Published: 10 min read POLPROG Security
Digital padlock representing web application security

Most incidents are not sophisticated attacks. They are old problems, outdated software, reused passwords, exposed admin panels, that never got addressed. These are the fundamentals that prevent the majority of trouble.

Security is not a product you buy once and forget. It is a small set of habits applied consistently. The good news: most business websites and web applications can cover the bulk of realistic risks with a handful of basic practices.

HTTPS and certificate handling

Every page must load over HTTPS. This is no longer a nice-to-have, browsers, users and search engines all treat HTTP as broken. Redirect HTTP to HTTPS, renew certificates automatically (most hosts do this for free), and check that mixed-content warnings are gone.

Authentication done right

  • Use long passwords or passphrases, not complex short ones.
  • Turn on two-factor authentication (2FA) for anything that matters, admin panels, hosting accounts, email, payment tools.
  • Use a password manager in the team, not a shared spreadsheet.
  • Remove accounts when people leave. "Dormant" accounts are a common entry point.

Admin access

Admin URLs should not be guessable from the outside. Rate-limit login attempts, log failed attempts, and consider an extra layer (IP allowlist or VPN) for highly sensitive panels.

Software updates

Most public vulnerabilities are fixed quickly after disclosure; the actual risk is running software that hasn't been updated in months.
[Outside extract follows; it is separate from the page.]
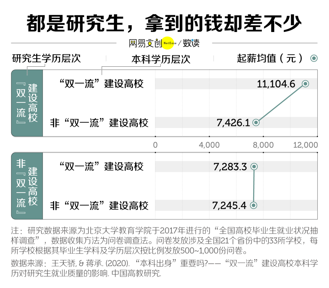 北京大学某课题组的一项研究表明,研究生同为双一流高校,本科学历为双一流的学生平均起薪为 11104.6 元,本科为非双一流的仅有 7426.1 元,比前者将近低 3700 元。并且,起薪差异中有 52.9% 正是学历筛选歧视所造成的 [5]。
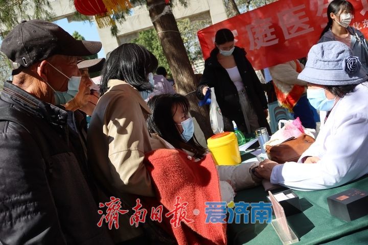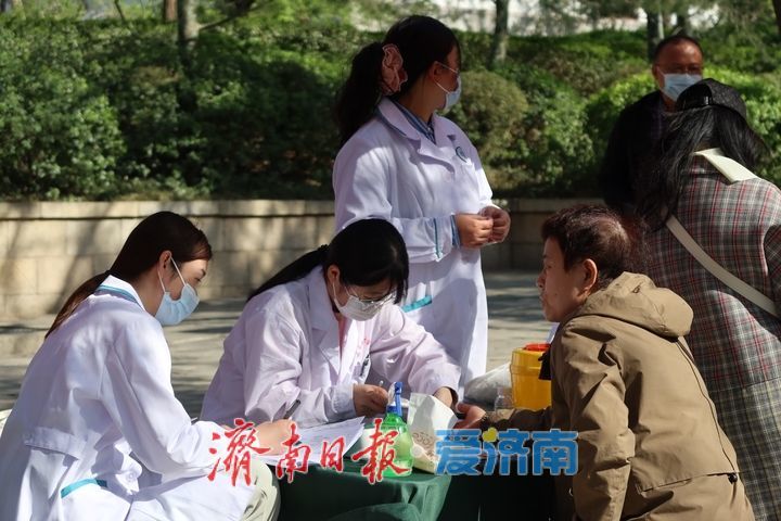 一旁,还有一块“医疗服务区”,一家中医院的专家团队正为游客提供免费血压、血糖检测和健康咨询,吸引了不少中老年人体验。这里也是人气最高的一个区域。

Keep the framework, CMS, plugins, runtime and libraries current. Schedule routine updates instead of doing them only after an incident.

Secure handling of user input

  • Validate on the server, not only in the browser, anything coming from the client can be modified.
  • Use parameterised queries or a proper ORM to prevent SQL injection.
  • Escape output correctly to prevent cross-site scripting (XSS).
  • Limit what files users can upload, and where they go.
  • Rate-limit forms and endpoints that attackers target (login, signup, contact).

Secrets and configuration

  • Do not hardcode passwords, API keys or tokens in source code.
  • Keep them in environment variables or a secret manager, not committed to the repository.
  • Rotate secrets when someone leaves, or after any incident.

Backups and recovery

A backup is not a backup until it has been restored. Regular, automated backups are essential, but so is a tested procedure for restoring them. Ransomware and accidental deletions happen to everyone eventually.

Monitoring and logs

You can't react to what you don't see. At minimum, keep server logs, capture application errors, and set alerts on unusual spikes of 401/403/500 responses. This is how you find out about an attack early instead of after the fact.

Privacy and compliance

  • Only collect data you actually need.
  • Have a clear privacy policy and cookie consent that reflects reality, not a template copied from somewhere else.
  • Understand which data is regulated (payment, health, personal data under GDPR) and treat it accordingly.

Common mistakes

  • Security audits that stop at the report. Findings need fixing and verifying, not just archiving.
  • "We're too small to be a target". Most attacks are automated and look for any unpatched system.
  • Treating passwords as the whole story. 2FA, updates, backups and monitoring matter more than password complexity rules.
  • One person holding all the keys. Critical access should have a backup owner, documented clearly.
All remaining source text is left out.